Disclaimer for Guest Blog Posts: The following disclaimer will be added to each published guest post:

The opinions, representations and statements made within this guest article are those of the author and not of the Healthcare Intelligence Network as a whole. Any copyright remains with the author and any liability with regard to infringement of intellectual property rights remain with them. The company accepts no liability for any errors, omissions or representations.

Meet Case Manager Stacey B. Hodgman: Patient Advocacy, Resource Utilization, Discharge Planning Keys to Success

February 29th, 2012 by Cheryl Miller


This month we provide an inside look at a healthcare case manager, the choices she made on the road to success, and the challenges ahead.

Stacey B. Hodgman, MS, RN-BC, CCDS, CPUM, District Director of Case Management for Kindred Healthcare, Board of Directors for the Case Management Society of New England

HIN: What was your first job out of college and how did you get into case management?

Stacey Hodgman: My first career out of nursing school was working for the VA Hospital in New Hampshire. I only worked there for a short time before transferring to a local acute care hospital where I worked the night shift to avoid having to place my three children in day care. About eight years out of nursing school, and in addition to working at the acute care hospital, I accepted a part-time job as a work site wellness nurse for a steel manufacturing plant. Although the job title was not ‘case manager,’ I found that my daily interactions with the employees were in fact all about case management. I was listening, evaluating, educating, promoting lifestyle changes and optimal health and found sincere satisfaction in this role. Building trusting relationships that helped the employees make healthy changes to their lifestyle was truly rewarding.

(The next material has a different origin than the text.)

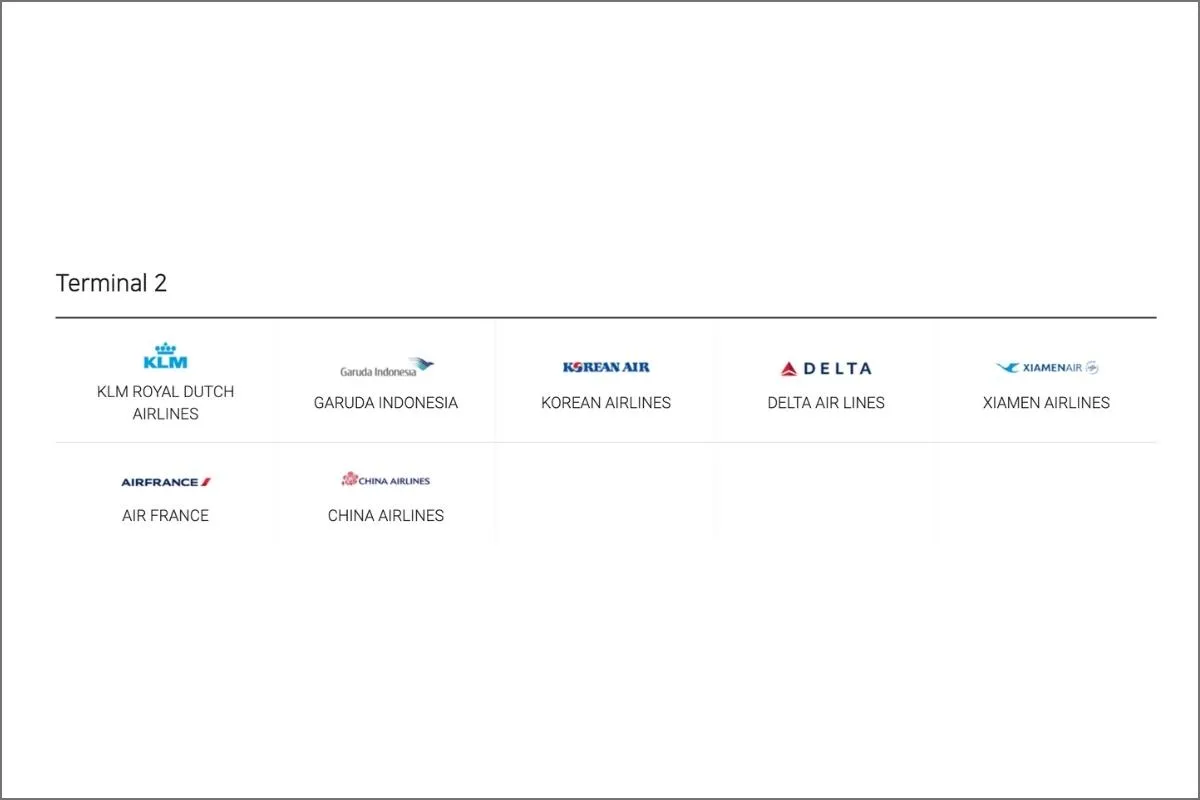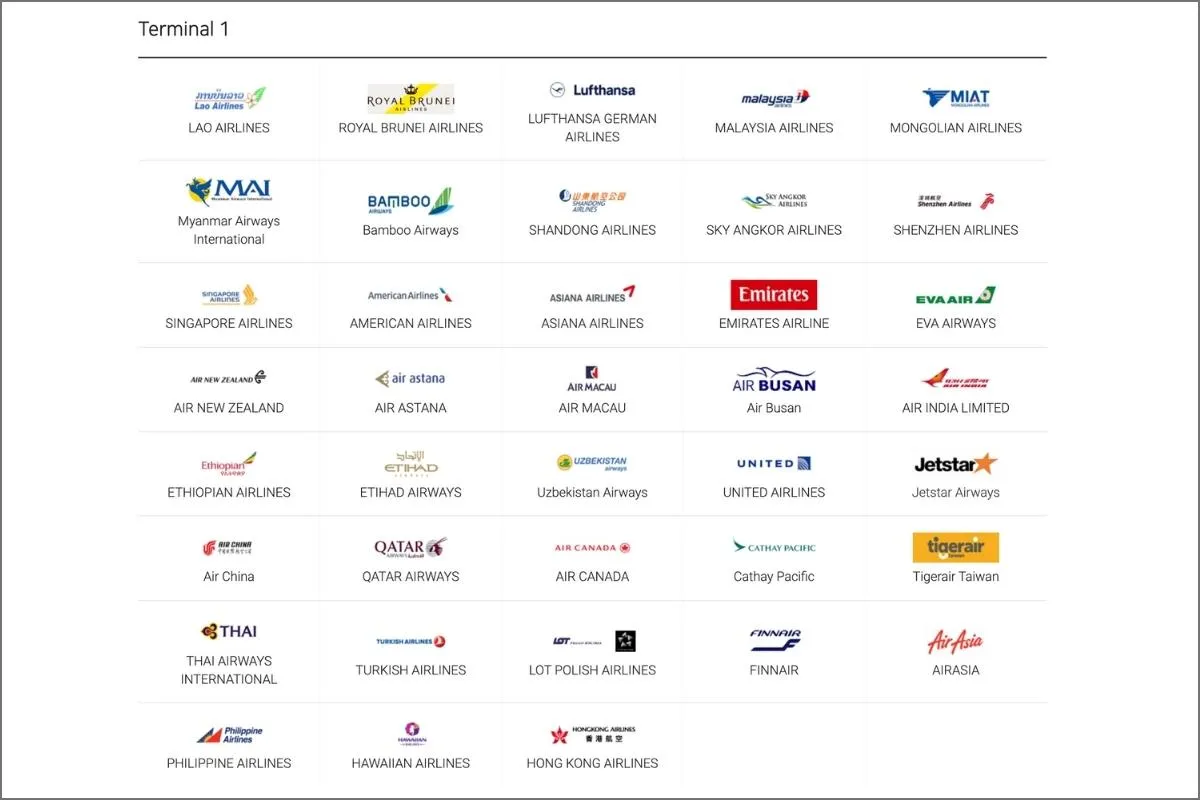 There are more airlines stationed in Terminal 1 than there are in Terminal 2. Popular airlines such as United Airlines, Air Canada, Asiana Airlines and many more are located here.

Has there been a defining moment in your career? Perhaps when you knew you were on the right road.

About two years later, a new managed care organization (MCO) came to town. They were hiring case managers. My children were all in school and I loved the idea of working a ‘normal’ schedule and being home together as a family at night. So I accepted a position with the MCO and learned so much about case management, utilization review and the business side of healthcare, which I found fascinating. I couldn’t learn enough, fast enough.

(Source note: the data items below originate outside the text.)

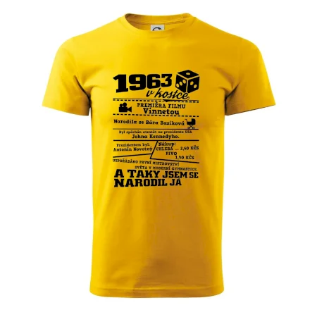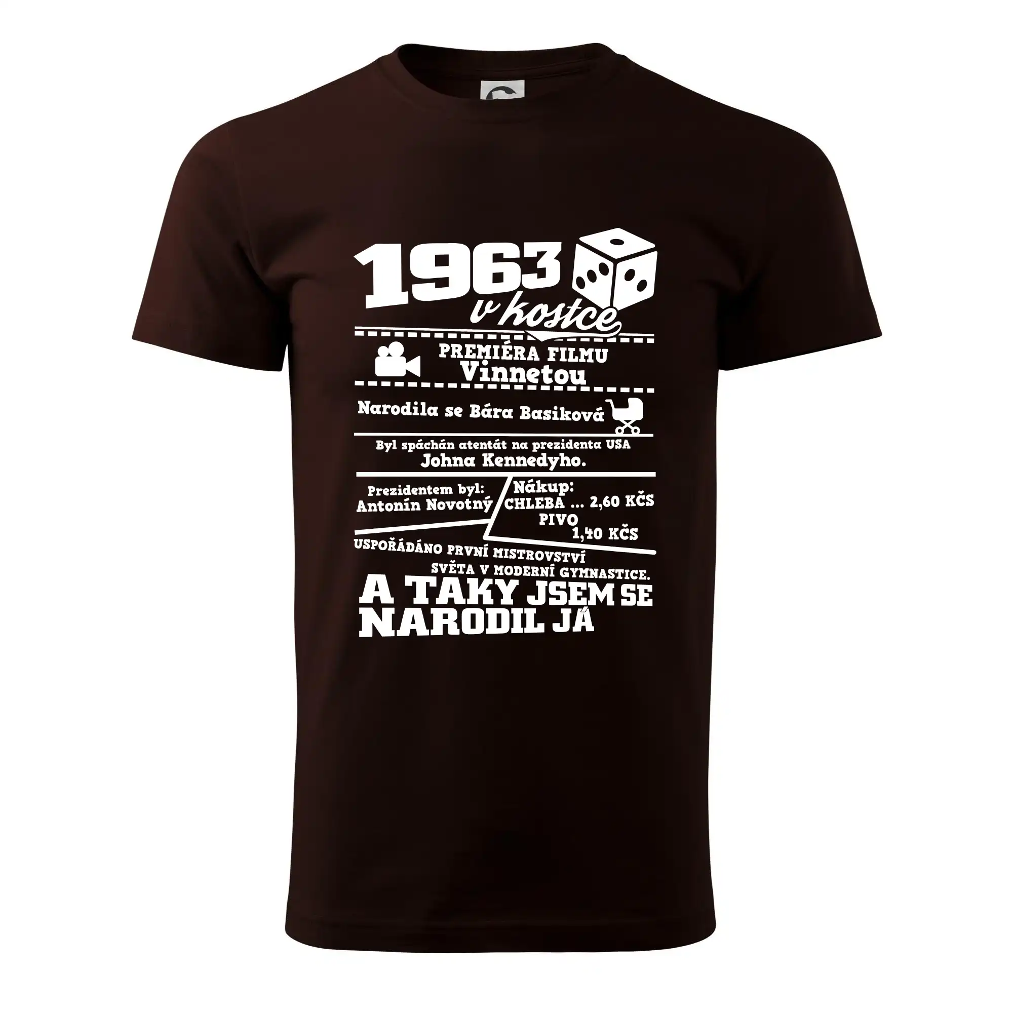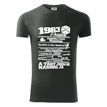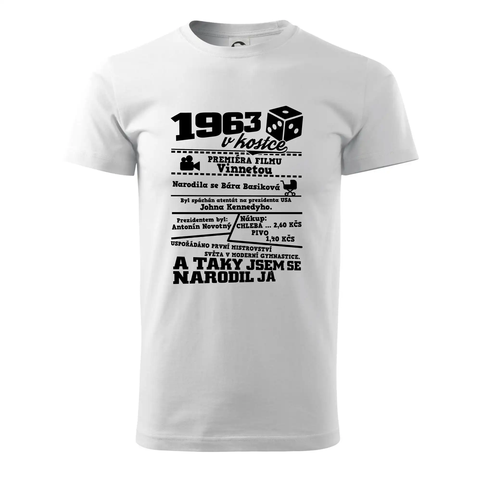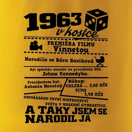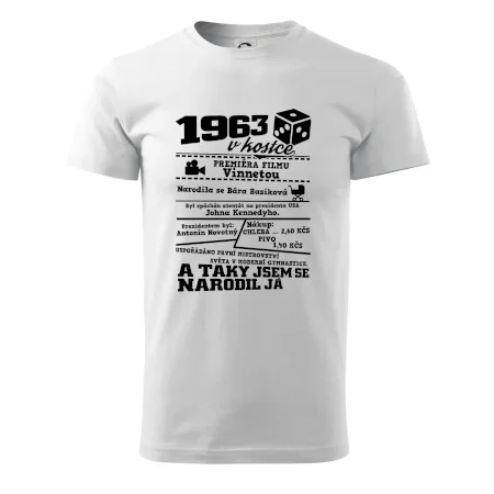 Narozeninové tričko pro ročník 1963. Sháníš originální dárek? Triko pro ročník 1963 v kostce je ten nejlepší dárek, kterým jistě potěšíš. Kolik co stálo? Kdo byl prezident? Kdo se narodil? Všechno tohle a ještě mnohem víc najdeš na našem oslaveneckém triku!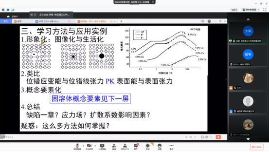 在对象重于方法的讲述中,吴锵教授以数学公式背后的概念引出高熵合金,提出同学们在学习《材料科学基础》的过程中应该注重于对象的学习。之后吴锵教授讲到同学们在认识重难点的时候应该养成从背景认识宏观思路与微观方法,然后才得出结论的科学方法,并以反应扩散为例详细介绍了这一方法。随后吴教授讲述了形象化、类比、概念要素化等学习方法,并以固溶体为例详细讲述了概念要素化,为材料学子们学习《材料科学基础》提供了重要的学习方法。最后,吴教授介绍了学习与科研的关系,并总结了本次讲座的结论——学习以明确对象/掌握方法为核心。最后在材料学子们的感谢声中,本次讲座圆满结束。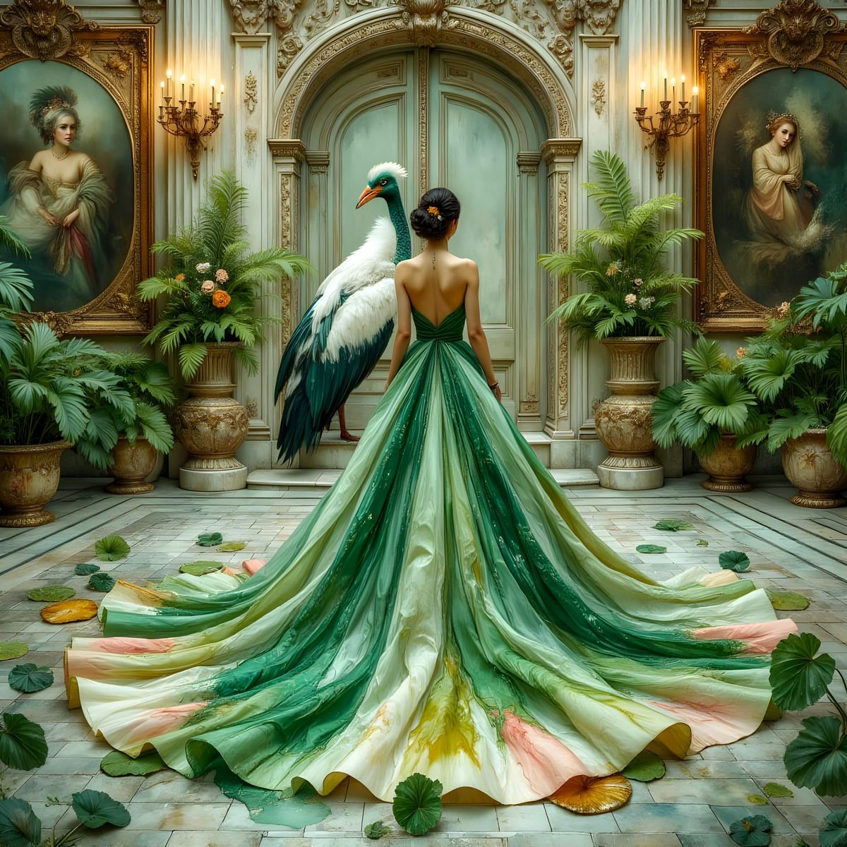 A striking picture of a woman in a striped dress standing in a ballroom with a large feathered bird. The artwork features dramatic lighting, shadows, and a colorful, textured aesthetic.

In brief, describe your organization.

I am currently district director of case management for Kindred Healthcare, a national post acute for-profit healthcare company; I work in the Long-Term Acute Care Hospital (LTACH) division. Our company has over 120 LTACHs, 224 skilled nursing facilities (SNF), five inpatient rehabilitation facilities and 47 home care and hospice locations. We consider ourselves to be the provider of choice for patients, post acute care needs.

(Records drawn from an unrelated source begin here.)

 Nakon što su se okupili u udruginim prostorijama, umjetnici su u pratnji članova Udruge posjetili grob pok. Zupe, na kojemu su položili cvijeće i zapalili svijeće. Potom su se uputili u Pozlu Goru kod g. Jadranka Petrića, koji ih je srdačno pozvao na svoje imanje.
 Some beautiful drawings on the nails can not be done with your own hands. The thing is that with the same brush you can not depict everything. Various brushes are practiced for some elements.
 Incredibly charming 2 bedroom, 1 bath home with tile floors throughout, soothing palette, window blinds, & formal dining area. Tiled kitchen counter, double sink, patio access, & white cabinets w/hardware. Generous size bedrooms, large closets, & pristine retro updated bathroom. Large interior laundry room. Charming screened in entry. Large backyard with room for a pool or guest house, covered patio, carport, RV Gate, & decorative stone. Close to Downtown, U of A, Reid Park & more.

What are two or three important concepts or rules that you follow in case management?

First and foremost; patient advocacy. I tell new case managers that if they have a need to be popular, case management may not be the career choice for them. Case managers have an obligation to the patient first, then to the organization. Oftentimes, this can cause conflict between administration and case management.

Secondly, ensuring stewardship for both the patient and for the organization one works for. Simply said, this means ensuring that the patient receives the right care, in the right setting, at the right time. Continuing inpatient care in the hospital longer than a patient needs to be there not only places them at risk for hospital-acquired conditions, but also continues to utilize their hospital benefit and in the Medicare population, this is limited. Hospitals are often paid as a prospective payment system, meaning they receive one amount regardless of length of stay or resource consumption. The case manager helps ensure appropriate utilization of resources and timely discharge planning.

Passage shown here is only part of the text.